Legendary fund manager Li Lu (who Charlie Munger backed) once said, ‘The biggest investment risk is not the volatility of prices, but whether you will suffer a permanent loss of capital.’ So it might be obvious that you need to consider debt, when you think about how risky any given stock is, because too much debt can sink a company. Importantly, Select Interior Concepts, Inc. (NASDAQ:SIC) does carry debt. But the real question is whether this debt is making the company risky.
When Is Debt Dangerous?
Debt assists a business until the business has trouble paying it off, either with new capital or with free cash flow. Ultimately, if the company can’t fulfill its legal obligations to repay debt, shareholders could walk away with nothing. However, a more common (but still painful) scenario is that it has to raise new equity capital at a low price, thus permanently diluting shareholders. Of course, plenty of companies use debt to fund growth, without any negative consequences. The first thing to do when considering how much debt a business uses is to look at its cash and debt together.
How Much Debt Does Select Interior Concepts Carry?
As you can see below, Select Interior Concepts had US$157.1m of debt at March 2021, down from US$201.3m a year prior. However, it also had US$4.11m in cash, and so its net debt is US$153.0m.
How Strong Is Select Interior Concepts’ Balance Sheet?
The latest balance sheet data shows that Select Interior Concepts had liabilities of US$99.2m due within a year, and liabilities of US$151.4m falling due after that. Offsetting this, it had US$4.11m in cash and US$83.8m in receivables that were due within 12 months. So it has liabilities totalling US$162.7m more than its cash and near-term receivables, combined.
This deficit is considerable relative to its market capitalization of US$247.7m, so it does suggest shareholders should keep an eye on Select Interior Concepts’ use of debt. Should its lenders demand that it shore up the balance sheet, shareholders would likely face severe dilution.
We measure a company’s debt load relative to its earnings power by looking at its net debt divided by its earnings before interest, tax, depreciation, and amortization (EBITDA) and by calculating how easily its earnings before interest and tax (EBIT) cover its interest expense (interest cover). Thus we consider debt relative to earnings both with and without depreciation and amortization expenses.

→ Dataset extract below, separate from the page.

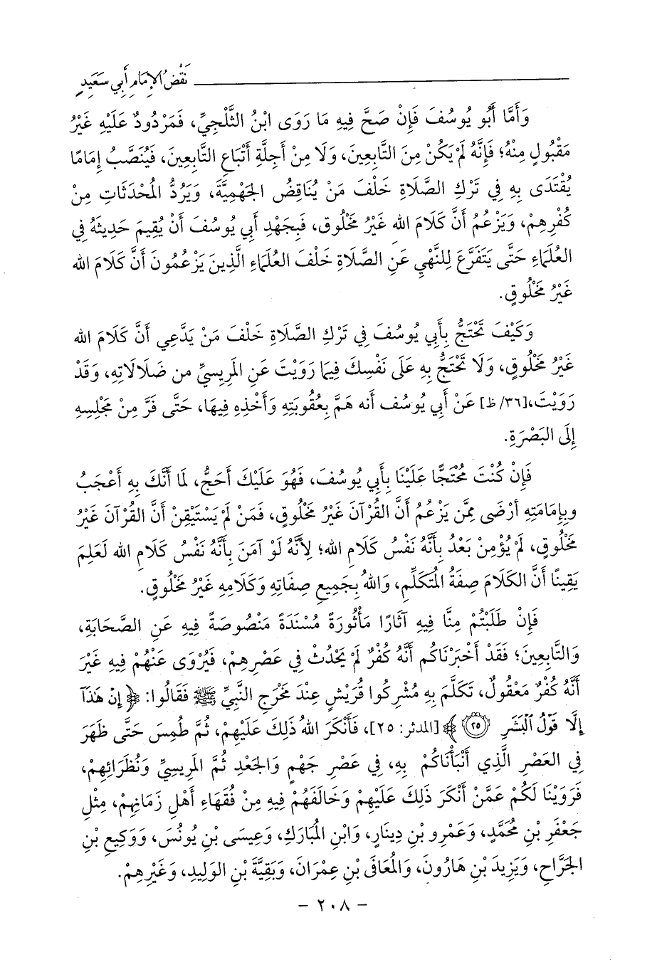 فَإِنْ كُنْتَ مُحْتَجًّا عَلَيْنَا بِأَبِي يُوسُفَ، فَهُوَ عَلَيْكَ أَحَجُّ، لَمَا أَنَّكَ بِهِ أَعْجَبُ وبِإِمَامَتِهِ أرْضَى مِمَّن يَزْعُمُ أَنَّ القُرْآنَ غَيْرُ مَخْلُوقٍ، فَمَنْ لَمْ يَسْتَيْقِنْ أَنَّ القُرْآنَ غَيْرُ مَخْلُوقٍ، لَمْ يُؤْمِنْ بَعْدُ بِأَنَّهُ نَفْسُ كَلَامِ الله؛ لِأَنَّهُ لَوْ آمَنَ بِأَنَّهُ نَفْسُ كَلَامِ الله لَعَلِمَ يَقِينًا أَنَّ الكَلَامَ صِفَةُ المُتَكَلِّمِ، وَاللهُ بِجَمِيعِ صِفَاتِهِ وَكَلَامِهِ غَيْرُ مَخْلُوقٍ.

Select Interior Concepts shareholders face the double whammy of a high net debt to EBITDA ratio (5.5), and fairly weak interest coverage, since EBIT is just 0.34 times the interest expense. The debt burden here is substantial. Even worse, Select Interior Concepts saw its EBIT tank 65% over the last 12 months. If earnings continue to follow that trajectory, paying off that debt load will be harder than convincing us to run a marathon in the rain. There’s no doubt that we learn most about debt from the balance sheet. But ultimately the future profitability of the business will decide if Select Interior Concepts can strengthen its balance sheet over time. So if you want to see what the professionals think, you might find this free report on analyst profit forecasts to be interesting.
Finally, while the tax-man may adore accounting profits, lenders only accept cold hard cash. So the logical step is to look at the proportion of that EBIT that is matched by actual free cash flow. Happily for any shareholders, Select Interior Concepts actually produced more free cash flow than EBIT over the last three years. That sort of strong cash conversion gets us as excited as the crowd when the beat drops at a Daft Punk concert.
On the face of it, Select Interior Concepts’s interest cover left us tentative about the stock, and its EBIT growth rate was no more enticing than the one empty restaurant on the busiest night of the year. But at least it’s pretty decent at converting EBIT to free cash flow; that’s encouraging. Looking at the balance sheet and taking into account all these factors, we do believe that debt is making Select Interior Concepts stock a bit risky. Some people like that sort of risk, but we’re mindful of the potential pitfalls, so we’d probably prefer it carry less debt. When analysing debt levels, the balance sheet is the obvious place to start. But ultimately, every company can contain risks that exist outside of the balance sheet.